**What you are asked to do:** Filter the entries below, keeping only lines with "Size".

(Stored items from a collection)
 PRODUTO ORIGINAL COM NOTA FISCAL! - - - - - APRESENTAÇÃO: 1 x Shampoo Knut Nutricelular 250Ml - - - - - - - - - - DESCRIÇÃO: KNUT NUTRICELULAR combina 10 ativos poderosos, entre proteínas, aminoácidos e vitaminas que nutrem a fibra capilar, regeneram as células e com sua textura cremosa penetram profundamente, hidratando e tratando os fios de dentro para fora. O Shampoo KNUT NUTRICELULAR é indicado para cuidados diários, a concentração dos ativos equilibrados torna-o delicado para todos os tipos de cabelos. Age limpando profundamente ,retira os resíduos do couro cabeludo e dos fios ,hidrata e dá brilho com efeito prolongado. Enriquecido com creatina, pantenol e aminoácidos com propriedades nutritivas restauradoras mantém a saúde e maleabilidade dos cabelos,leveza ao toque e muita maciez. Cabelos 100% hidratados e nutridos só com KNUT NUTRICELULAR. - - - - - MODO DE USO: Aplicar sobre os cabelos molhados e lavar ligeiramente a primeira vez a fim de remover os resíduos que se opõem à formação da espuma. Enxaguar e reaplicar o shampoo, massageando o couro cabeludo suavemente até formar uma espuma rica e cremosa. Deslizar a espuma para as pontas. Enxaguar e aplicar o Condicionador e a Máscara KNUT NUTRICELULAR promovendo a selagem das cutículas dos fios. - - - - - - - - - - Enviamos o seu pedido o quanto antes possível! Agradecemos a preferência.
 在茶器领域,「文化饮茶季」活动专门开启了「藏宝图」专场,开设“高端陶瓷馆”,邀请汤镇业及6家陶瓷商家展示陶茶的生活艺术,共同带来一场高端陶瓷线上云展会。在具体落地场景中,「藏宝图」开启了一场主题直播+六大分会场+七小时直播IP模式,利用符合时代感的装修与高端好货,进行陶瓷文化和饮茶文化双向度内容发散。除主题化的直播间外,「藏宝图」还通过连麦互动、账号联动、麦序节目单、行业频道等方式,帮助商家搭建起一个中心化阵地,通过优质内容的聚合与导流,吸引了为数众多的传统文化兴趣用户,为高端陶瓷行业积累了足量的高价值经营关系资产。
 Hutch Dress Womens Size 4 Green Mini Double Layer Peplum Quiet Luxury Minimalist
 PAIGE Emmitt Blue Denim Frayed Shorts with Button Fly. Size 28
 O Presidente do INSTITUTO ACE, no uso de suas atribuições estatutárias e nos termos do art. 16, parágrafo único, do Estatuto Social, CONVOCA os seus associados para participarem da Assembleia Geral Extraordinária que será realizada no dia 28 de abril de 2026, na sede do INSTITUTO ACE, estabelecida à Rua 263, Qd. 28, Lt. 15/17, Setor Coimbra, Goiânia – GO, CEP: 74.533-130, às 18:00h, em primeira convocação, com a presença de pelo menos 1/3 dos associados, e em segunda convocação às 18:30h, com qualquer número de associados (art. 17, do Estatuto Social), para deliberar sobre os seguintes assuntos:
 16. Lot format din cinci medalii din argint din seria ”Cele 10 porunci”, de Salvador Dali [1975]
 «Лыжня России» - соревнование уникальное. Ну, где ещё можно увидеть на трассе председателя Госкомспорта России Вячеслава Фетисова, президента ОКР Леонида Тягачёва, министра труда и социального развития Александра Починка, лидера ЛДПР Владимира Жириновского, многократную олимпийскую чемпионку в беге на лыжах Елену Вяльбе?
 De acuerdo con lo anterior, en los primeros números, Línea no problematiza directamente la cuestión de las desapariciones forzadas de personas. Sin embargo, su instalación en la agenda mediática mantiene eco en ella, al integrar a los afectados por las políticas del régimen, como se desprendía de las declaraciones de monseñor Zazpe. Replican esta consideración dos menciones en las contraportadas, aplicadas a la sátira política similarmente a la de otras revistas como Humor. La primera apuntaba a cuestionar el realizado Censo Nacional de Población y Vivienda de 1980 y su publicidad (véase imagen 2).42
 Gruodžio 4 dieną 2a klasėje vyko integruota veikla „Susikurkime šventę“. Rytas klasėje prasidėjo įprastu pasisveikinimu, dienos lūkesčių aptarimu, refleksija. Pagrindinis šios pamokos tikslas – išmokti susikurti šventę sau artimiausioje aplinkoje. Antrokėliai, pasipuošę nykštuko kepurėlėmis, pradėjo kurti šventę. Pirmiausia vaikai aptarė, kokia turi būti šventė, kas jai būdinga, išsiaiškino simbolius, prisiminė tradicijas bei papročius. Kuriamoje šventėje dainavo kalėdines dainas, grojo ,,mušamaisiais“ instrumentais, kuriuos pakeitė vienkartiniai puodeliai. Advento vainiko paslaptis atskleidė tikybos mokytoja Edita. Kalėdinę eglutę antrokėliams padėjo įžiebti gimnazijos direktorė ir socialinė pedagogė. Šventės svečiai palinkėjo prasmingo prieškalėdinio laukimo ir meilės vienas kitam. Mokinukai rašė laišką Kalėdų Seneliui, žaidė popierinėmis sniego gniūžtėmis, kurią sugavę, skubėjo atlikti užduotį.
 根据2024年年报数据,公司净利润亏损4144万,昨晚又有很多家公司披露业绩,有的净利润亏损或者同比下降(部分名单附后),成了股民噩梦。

**Answer box:**
 Hutch Dress Womens Size 4 Green Mini Double Layer Peplum Quiet Luxury Minimalist
 PAIGE Emmitt Blue Denim Frayed Shorts with Button Fly. Size 28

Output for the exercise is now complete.